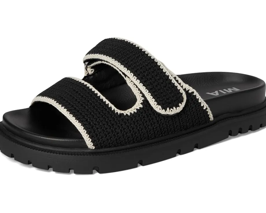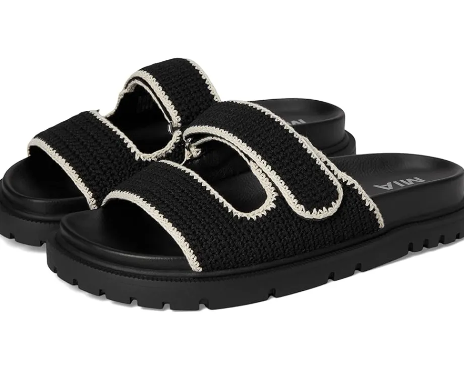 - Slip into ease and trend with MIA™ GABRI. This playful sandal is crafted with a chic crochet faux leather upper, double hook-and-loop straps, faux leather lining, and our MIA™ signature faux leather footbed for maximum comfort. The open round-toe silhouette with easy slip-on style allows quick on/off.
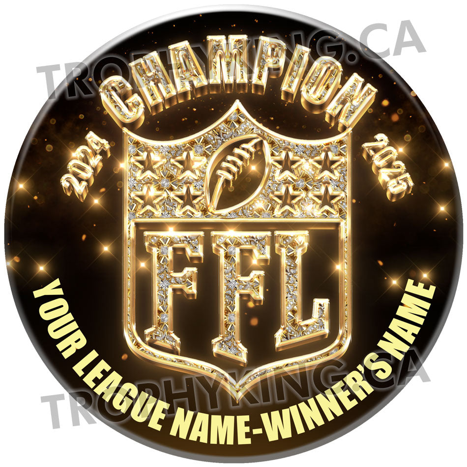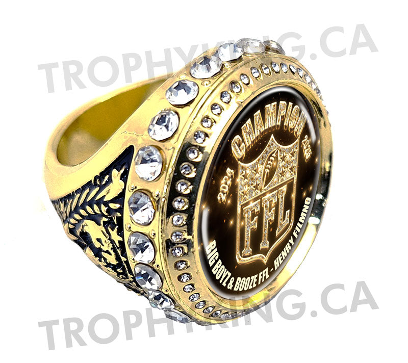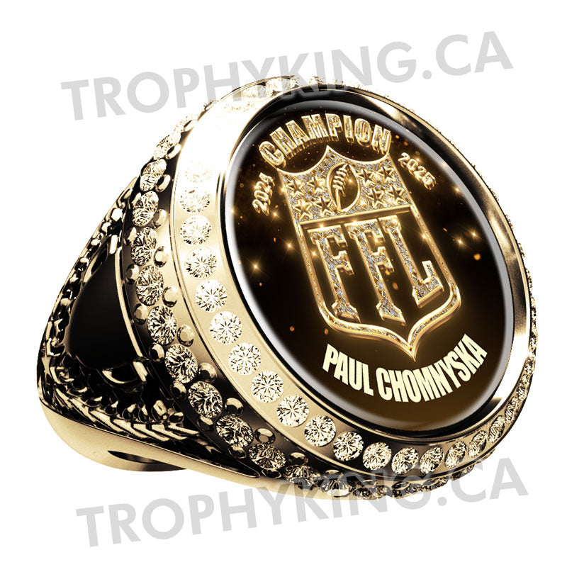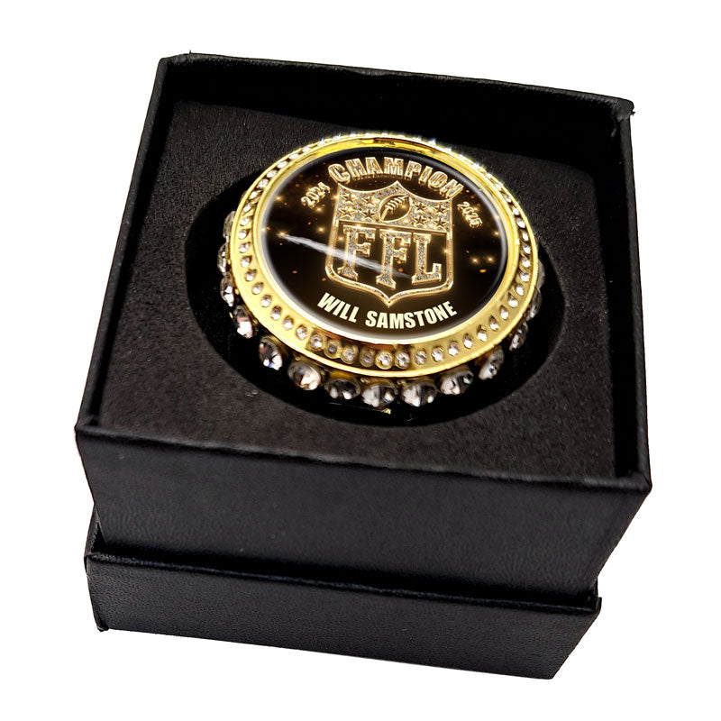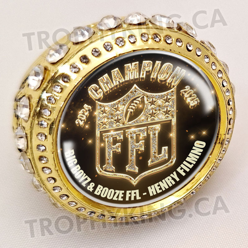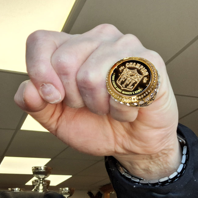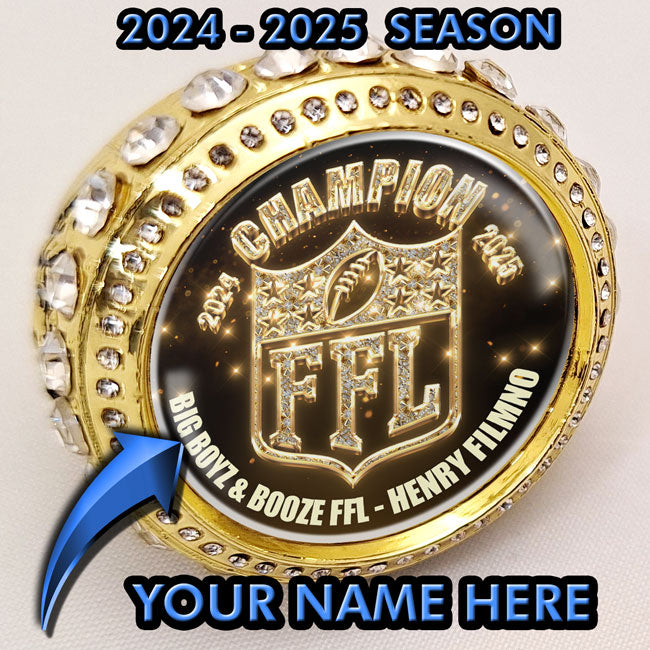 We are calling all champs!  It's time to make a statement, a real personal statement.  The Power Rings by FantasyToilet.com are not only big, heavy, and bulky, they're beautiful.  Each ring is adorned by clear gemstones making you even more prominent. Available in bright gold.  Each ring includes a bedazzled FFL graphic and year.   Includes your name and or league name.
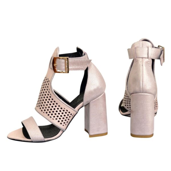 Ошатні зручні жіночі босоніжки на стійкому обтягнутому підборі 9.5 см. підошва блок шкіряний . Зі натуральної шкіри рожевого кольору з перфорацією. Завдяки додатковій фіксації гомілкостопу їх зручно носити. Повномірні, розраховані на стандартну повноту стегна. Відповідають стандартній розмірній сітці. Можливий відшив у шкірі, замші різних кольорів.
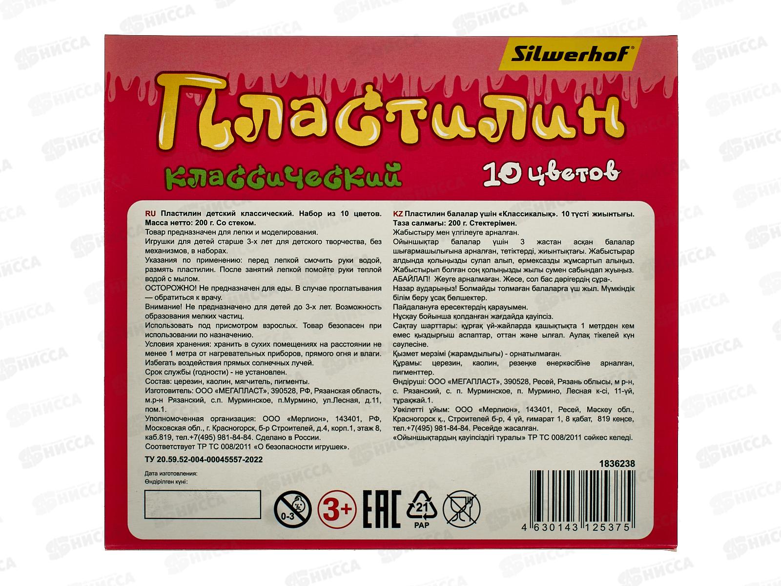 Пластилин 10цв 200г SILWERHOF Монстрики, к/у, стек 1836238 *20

_Task prompt_: All the data above is to be transcribed exactly, with no pictures included.

_Solved problem_:
 - Slip into ease and trend with MIA™ GABRI. This playful sandal is crafted with a chic crochet faux leather upper, double hook-and-loop straps, faux leather lining, and our MIA™ signature faux leather footbed for maximum comfort. The open round-toe silhouette with easy slip-on style allows quick on/off.
 We are calling all champs!  It's time to make a statement, a real personal statement.  The Power Rings by FantasyToilet.com are not only big, heavy, and bulky, they're beautiful.  Each ring is adorned by clear gemstones making you even more prominent. Available in bright gold.  Each ring includes a bedazzled FFL graphic and year.   Includes your name and or league name.
 Ошатні зручні жіночі босоніжки на стійкому обтягнутому підборі 9.5 см. підошва блок шкіряний . Зі натуральної шкіри рожевого кольору з перфорацією. Завдяки додатковій фіксації гомілкостопу їх зручно носити. Повномірні, розраховані на стандартну повноту стегна. Відповідають стандартній розмірній сітці. Можливий відшив у шкірі, замші різних кольорів.
 Пластилин 10цв 200г SILWERHOF Монстрики, к/у, стек 1836238 *20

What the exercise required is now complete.